WORK REQUEST:
Leave out the pictures and retype, exactly, the lines below from the line with "トメ、ハネ、ハライなどが多い" up to and including the line with "Para contextualizar adequadamente", nothing more.

ENTRIES SHOWN:
══════════════════════════════
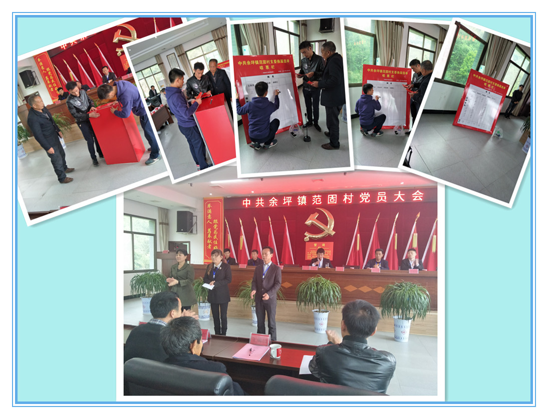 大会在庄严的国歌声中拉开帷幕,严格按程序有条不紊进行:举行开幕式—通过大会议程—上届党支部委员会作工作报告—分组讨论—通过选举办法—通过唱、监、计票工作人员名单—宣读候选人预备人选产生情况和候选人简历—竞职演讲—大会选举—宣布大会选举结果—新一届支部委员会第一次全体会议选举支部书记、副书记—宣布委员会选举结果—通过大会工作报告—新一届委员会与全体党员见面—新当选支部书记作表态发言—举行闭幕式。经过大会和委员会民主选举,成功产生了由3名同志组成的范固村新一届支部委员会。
══════════════════════════════
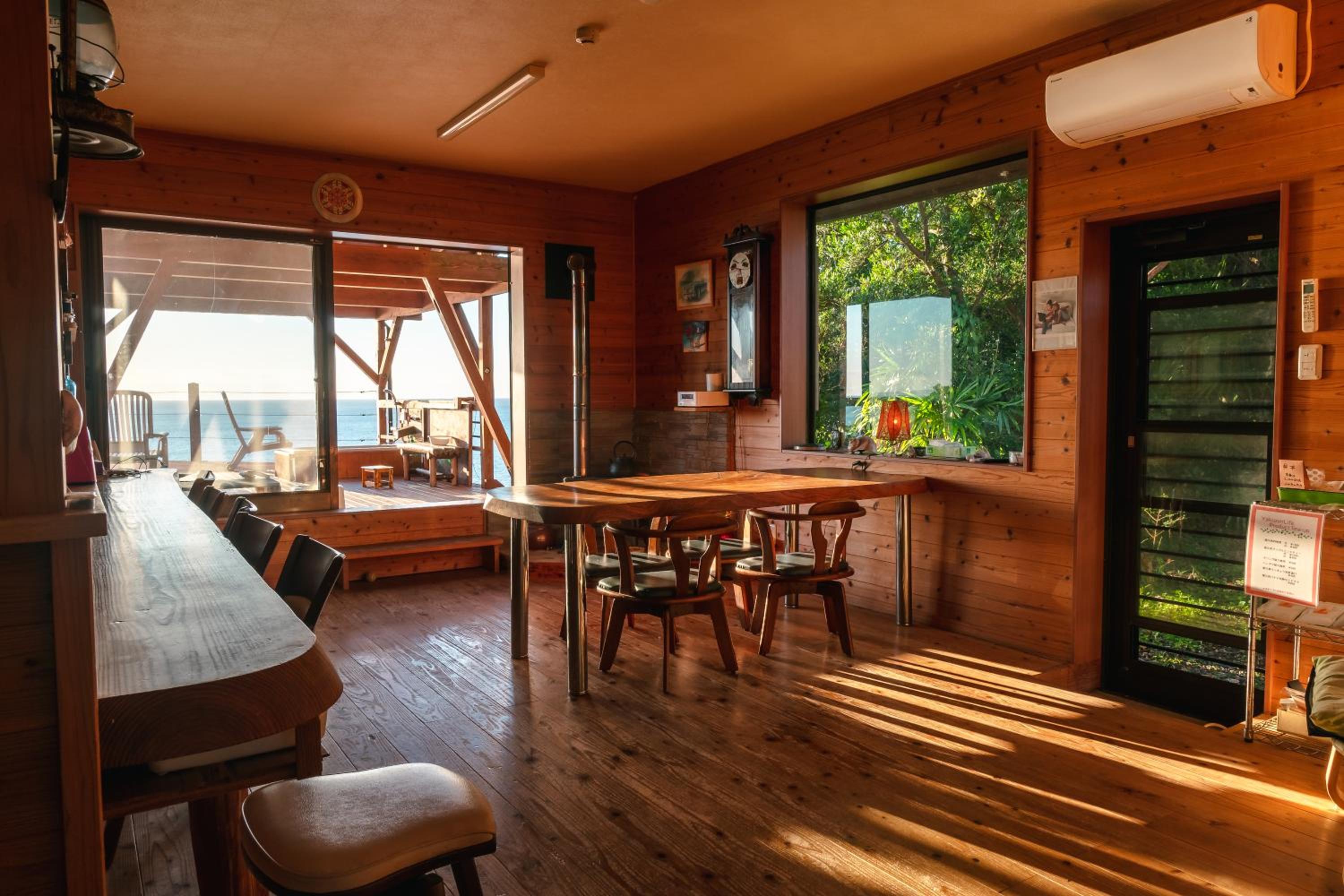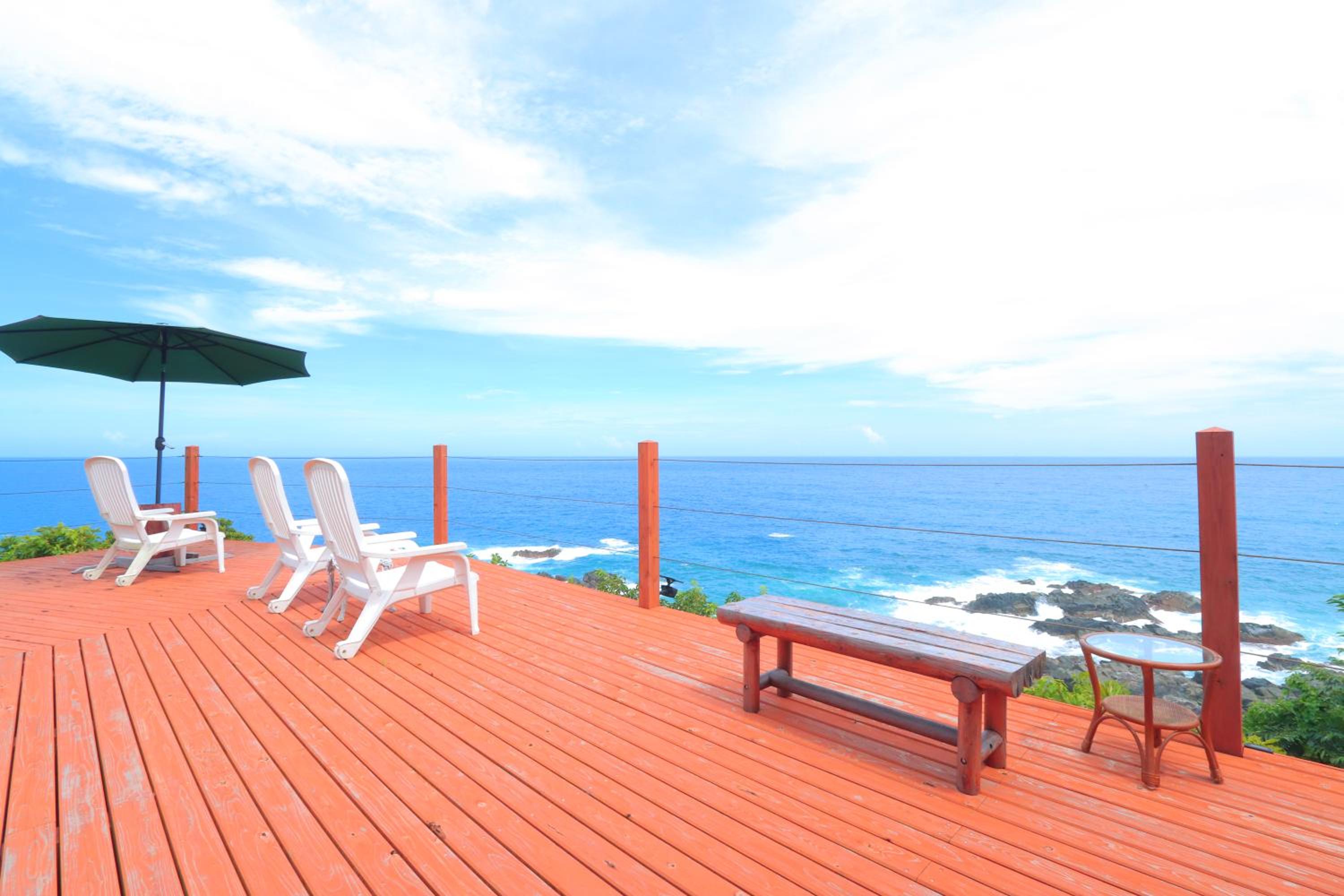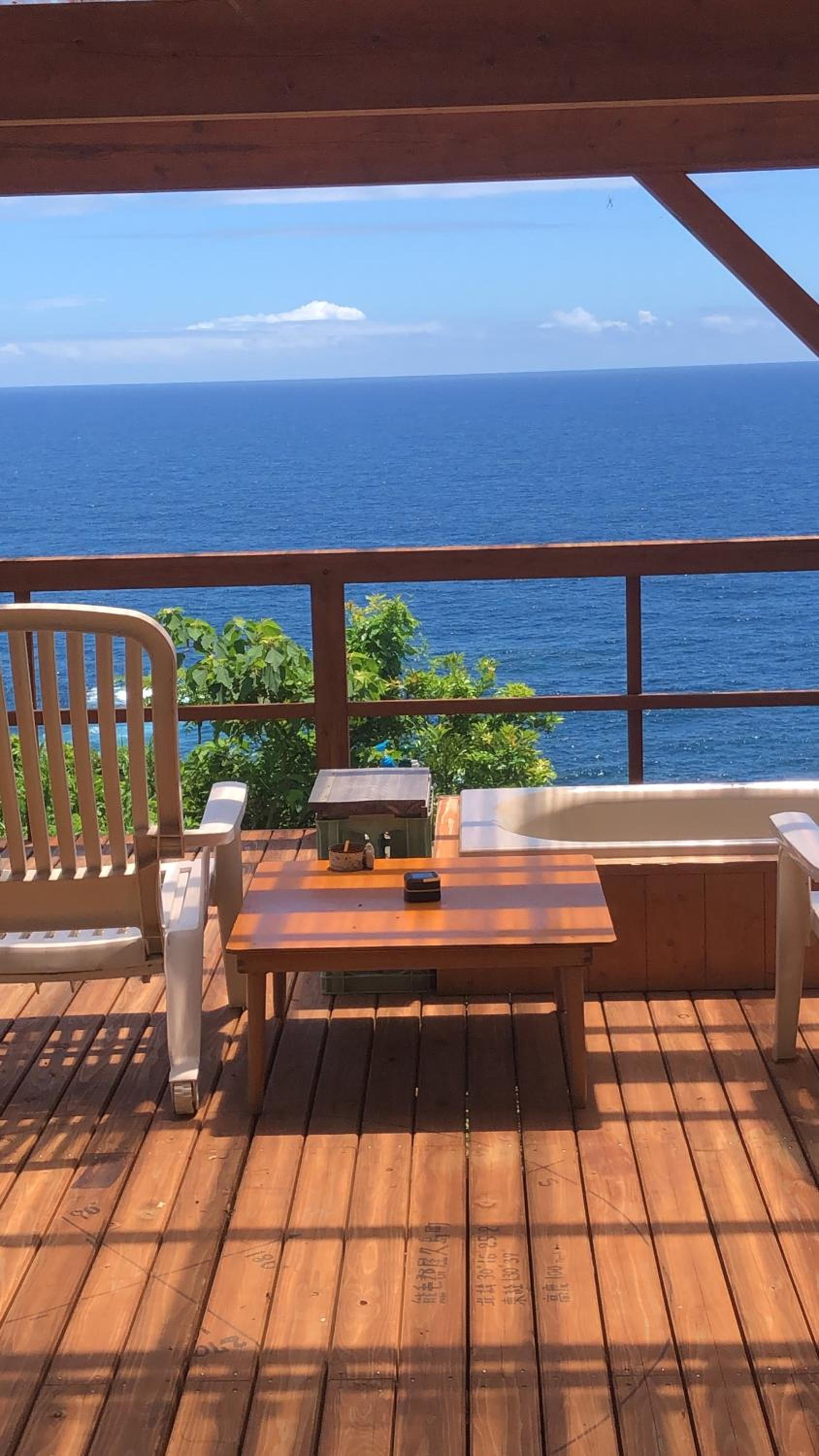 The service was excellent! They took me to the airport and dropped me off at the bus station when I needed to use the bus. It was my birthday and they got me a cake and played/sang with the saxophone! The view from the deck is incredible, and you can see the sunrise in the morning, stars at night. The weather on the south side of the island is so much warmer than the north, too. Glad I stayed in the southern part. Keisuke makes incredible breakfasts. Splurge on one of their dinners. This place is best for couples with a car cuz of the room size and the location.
══════════════════════════════
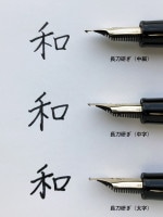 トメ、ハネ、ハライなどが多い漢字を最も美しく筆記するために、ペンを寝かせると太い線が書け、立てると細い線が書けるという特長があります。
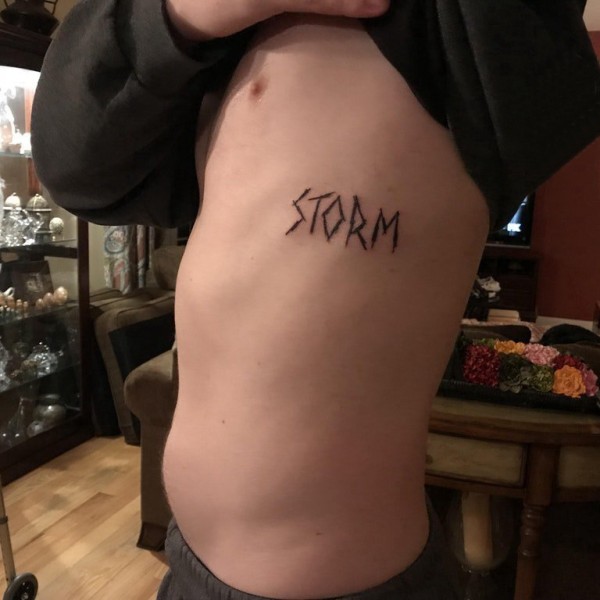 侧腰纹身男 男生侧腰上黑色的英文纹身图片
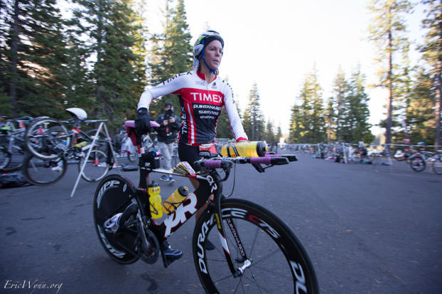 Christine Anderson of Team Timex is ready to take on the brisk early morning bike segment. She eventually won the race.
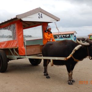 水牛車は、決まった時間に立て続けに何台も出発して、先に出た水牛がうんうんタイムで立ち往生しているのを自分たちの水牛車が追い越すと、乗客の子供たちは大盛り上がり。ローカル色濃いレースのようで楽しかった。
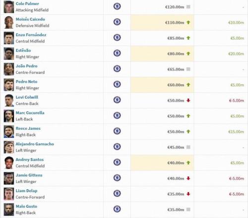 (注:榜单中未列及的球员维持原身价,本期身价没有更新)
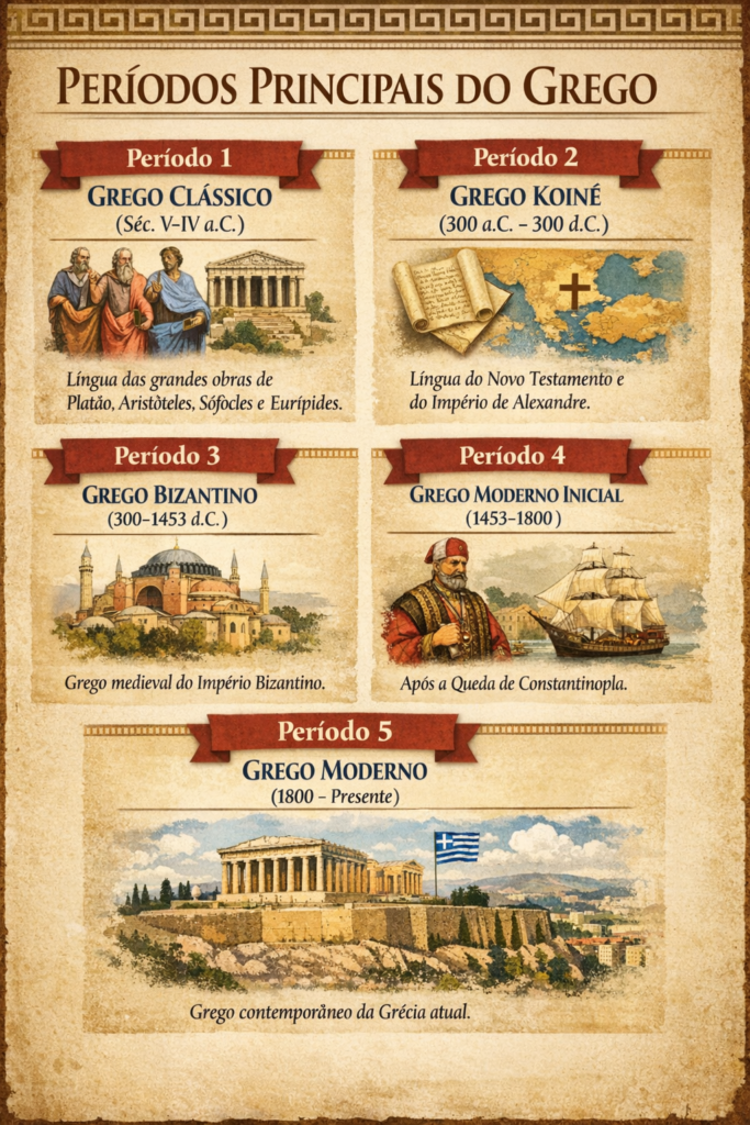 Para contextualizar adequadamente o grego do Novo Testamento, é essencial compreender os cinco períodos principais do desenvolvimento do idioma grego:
══════════════════════════════
TASK SOLUTION:
 トメ、ハネ、ハライなどが多い漢字を最も美しく筆記するために、ペンを寝かせると太い線が書け、立てると細い線が書けるという特長があります。
 侧腰纹身男 男生侧腰上黑色的英文纹身图片
 Christine Anderson of Team Timex is ready to take on the brisk early morning bike segment. She eventually won the race.
 水牛車は、決まった時間に立て続けに何台も出発して、先に出た水牛がうんうんタイムで立ち往生しているのを自分たちの水牛車が追い越すと、乗客の子供たちは大盛り上がり。ローカル色濃いレースのようで楽しかった。
 (注:榜单中未列及的球员维持原身价,本期身价没有更新)
 Para contextualizar adequadamente o grego do Novo Testamento, é essencial compreender os cinco períodos principais do desenvolvimento do idioma grego:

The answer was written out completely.